Además del saldo en vidas humanas, y conjuradas en apariencia las posibilidades de que el desastre natural tenga repercusiones severas en otros territorios peninsulares y continentales del océano Pacífico, un factor principal de preocupación en la hora presente es que lo ocurrido en Japón derive en afectaciones de índole económica a escala mundial. El terremoto se tradujo, desde ayer, en una caída de los mercados bursátiles del sureste asiático y de Europa, y en la baja en las cotizaciones internacionales del petróleo, como consecuencia de los daños sufridos por las refinerías del país asiático, el segundo importador neto de crudo en el mundo.
Más allá de esos efectos inmediatos, cuyo alcance podría ampliarse o reducirse en las próximas horas, la destrucción de capital físico y de infraestructura en Japón, en conjunción con la paralización de sus actividades productivas, condiciona severamente el proceso de recuperación económica en que se encontraba ese país –la tercera economía mundial detrás de Estados Unidos y China–, de por sí afectado por deficiencias estructurales: una deuda pública considerable, que duplica el tamaño de su producto interno bruto –la más grande de un país desarrollado– y un déficit económico que ronda 10 por ciento. Tales indicadores condicionan y estrechan el margen de maniobra del gobierno encabezado por Naoto Kan para los trabajos de rescate y reconstrucción, y también colocan a la nación asiática en la perspectiva de una desaceleración económica.
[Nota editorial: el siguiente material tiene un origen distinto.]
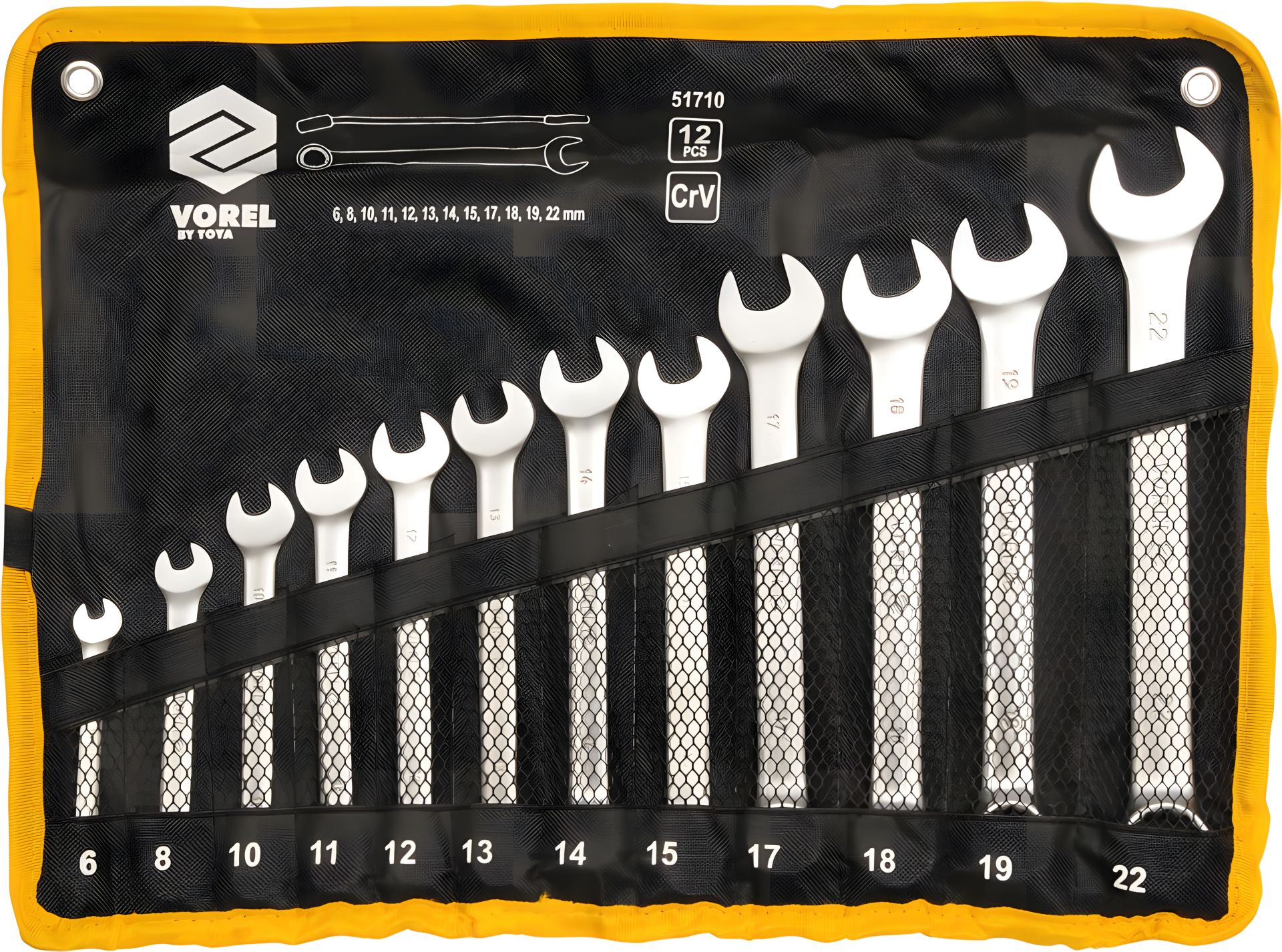 Набір комбінованих ключів 6-22 мм "САТИН" CrV, 12 шт. Vorel (51710)

El panorama no es alentador para una economía mundial que, tras los descalabros de 2008-2009, ha tenido una recuperación por lo menos accidentada, y que actualmente enfrenta factores de preocupación por las revueltas del mundo árabe –y la consecuente inestabilidad para las cotizaciones petroleras– y por la crisis de deuda que aqueja a varias naciones de la eurozona. Ahora, con la devastación en Japón, es posible que las afectaciones a la economía planetaria se extiendan más allá de los mercados especulativos, y que incidan en las actividades productivas e industriales, ante la reducción o el encarecimiento de las exportaciones japonesas en rubros como el automotriz, la electrónica y la industria del acero. Por lo que hace a México, el escenario debiera ser un llamado de atención para los encargados del manejo económico y de la política comercial del país, pues Japón representa su tercer proveedor de importaciones y su octavo comprador de exportaciones, además de que cuenta con una participación importante en el monto de inversión extranjera directa que llega a territorio nacional.
La contingencia inmediata demanda una rápida reacción del gobierno japonés y de la comunidad internacional para ayudar a esa nación, a sus damnificados y a las familias de las víctimas. Pero, en el mediano plazo, se impone la necesidad de que los gobiernos del mundo –particularmente los de países pobres y dependientes como el nuestro– avancen en una doble planificación: ante la posibilidad de fenómenos naturales similares en el propio territorio y ante los efectos económicos que pudieran derivar de esos episodios.